Help! My HCI has fallen and it can't get up

  • KEY TAKEAWAYS
  • Spectre—Intel’s feature / bug—has created a security vulnerability that can affect storage.
  • Architectures with shared systems—namely hyperconverged infrastructures—suffer from the most performance degradation and patching pain.
  • Tintri is unaffected by Spectre and offers per-VM QoS to permanently resolve any pains around predictable performance.

 

Chances are this is not the first you’ve read about Intel’s security vulnerability, referred to as Meltdown or Spectre (we’ll use the latter). But we want to take the opportunity to be clear about Tintri’s position—that some architectures are clearly more compromised than others. 

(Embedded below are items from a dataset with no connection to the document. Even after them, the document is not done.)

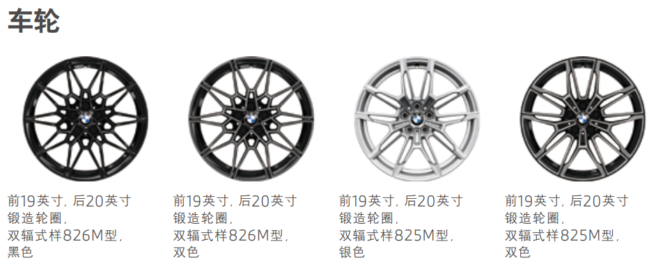 轮毂方面,标配826M 黑色,可以0元选装826M 双色,还可以3500元选装825M(银色或双色)。
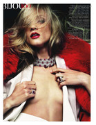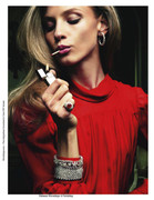 it seems like a cont of jewelry "casino" diamonds-casino-smoking thing in may issue, but now it`s about red clothes and diamods. same make-up, hair and interiors.
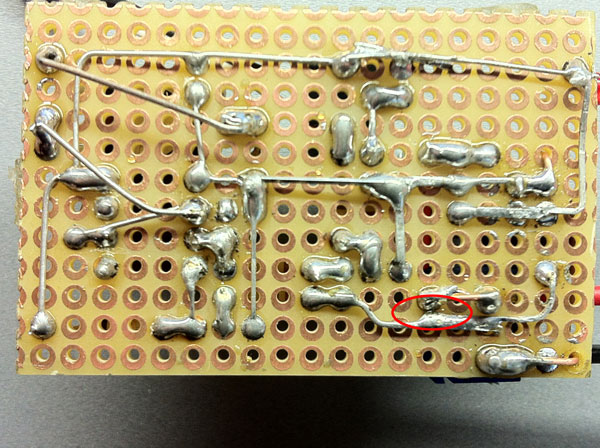 Mir fallen zwei Sachen auf, die nicht ganz OK sind. Zum einen die rot eingekreiste Lötstelle, allerdings kann ich nicht 100%ig erkennen, wie die oberen zusätzlichen Brücken von dir verlaufen:
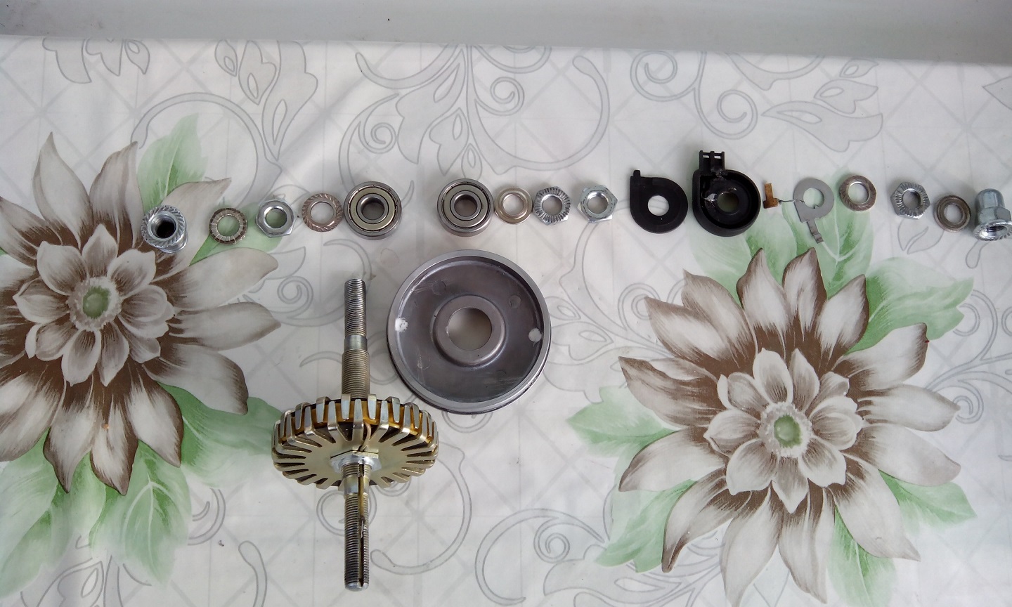 А сега за разглобяването на главината, ако нямаш схема или понятие от устройството - трудна работа. Изгледах доста клипчета в интернет, но тук излезе съвсем друго. Първо се развиват всякакви гайки , контрагайки и шайби за да се стигне до клемата.

Before we get into it, for those who are newer to the topic … what is Spectre?

In brief, Spectre is a security ‘feature’ that creates vulnerabilities in affected processors. Since we’re talking about Intel’s processors, their reach means the issue is quite widespread. The vulnerability allows rogue processes to access unprivileged information and kernel memory. The ‘feature’ can be patched, but these patches can have a negative effect on processor performance.

How is Tintri impacted?

Tintri arrays are not affected by Spectre. Tintri storage is not a shared system—there is no provision for any user code to run and exploit vulnerabilities. So, we do not need to issue any patches, and since our management system (Tintri Global Center) is outside the IO path, there’s no concern about degraded performance.

Tintri Analytics—our SaaS-based analytics toolset—uses AWS. Amazon has already taken care of the underlying infrastructure. Since Tintri Analytics is a SaaS application (managed by Tintri), customers don’t have to worry about the performance degradation thanks to cloud elasticity.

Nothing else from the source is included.